Greece and Cyprus accused rival Turkey on Thursday of stoking tensions as Ankara prepared to dispatch a drillship to the Mediterranean next month in a search for natural gas.
Relations between Athens and Ankara are strained over a raft of issues ranging from overflights to disputed waters.
“We expect it to come. We discussed (taking) certain actions in the hope that this would avert the creation of any tensions in our exclusive economic zone.” -Kasoulides
Cyprus, split along ethnic lines for nearly five decades, is a key point of division, deepened in recent years by overlapping and competing claims over offshore waters believed to contain large quantities of natural gas.
Turkey is set to send a drillship into the Mediterranean in early August in search of gas.

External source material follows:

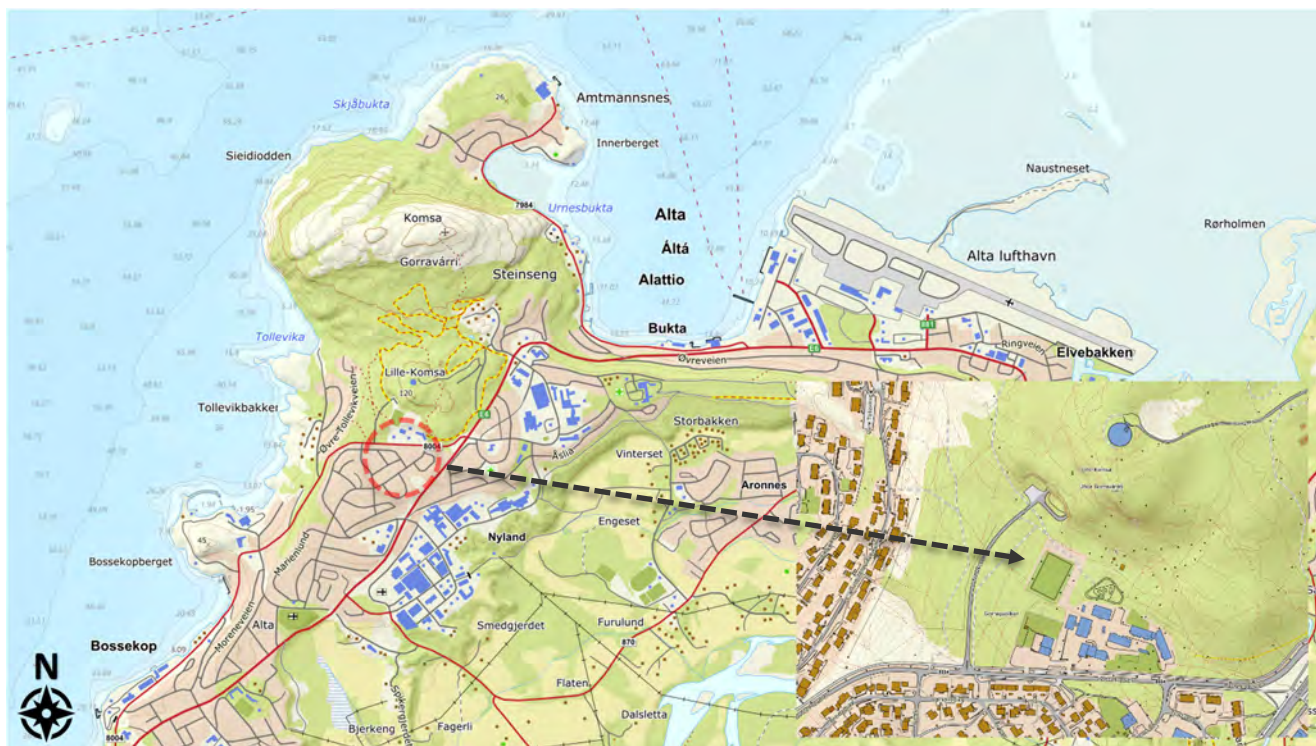
> Figur 1: Tiltaksområdets plassering vist i rødt, www.norgeskart.no

Det skal oppføres ny Komsa skole i Alta, eiendommen gnr./bnr. 29/184 i Alta kommune. Den nye skolen oppføres ved siden av dagens skole, slik at driften av skolen kan opprettholdes i anleggsperioden. Tiltaksområdets plassering er vist i Figur 1. Dr.techn. Olav Olsen AS (OO) er engasjert for å utføre en geoteknisk vurdering for det planlagte tiltaket. Foreliggende notat omhandler geotekniske forhold som er relevante for byggesaken.

“We expect it to come,” Cypriot Foreign Minister Ioannis Kasoulides told journalists after meeting his Greek counterpart Nikos Dendias in Nicosia. “We discussed (taking) certain actions in the hope that this would avert the creation of any tensions in our exclusive economic zone.”
Nicosia would act in concert with its EU partners on the best course of action, Kasoulides said
There was, he said, a “crescendo of harsh and provocative rhetoric” from Ankara, adding: “We are keeping the tone down.”
Cyprus was partitioned in 1974 when Turkey invaded its northern third. Both Greece and Turkey are guarantor powers of Cypriot independence, along with Britain.
Seeds of division were sown earlier when a partnership of Greek and Turkish Cypriots in government crumbled three years after the former British colony gained independence.
Both Kasoulides and Dendias compared events in Cyprus to Russia’s invasion of Ukraine, but Dendias said the comparison ended there.
“Forty-eight years ago, the international community did not respond to the invasion in Cyprus in the way it should have,” said Dendias. “And we have to remind everyone that the invasion of Ukraine is not the only case of invasion in Europe.”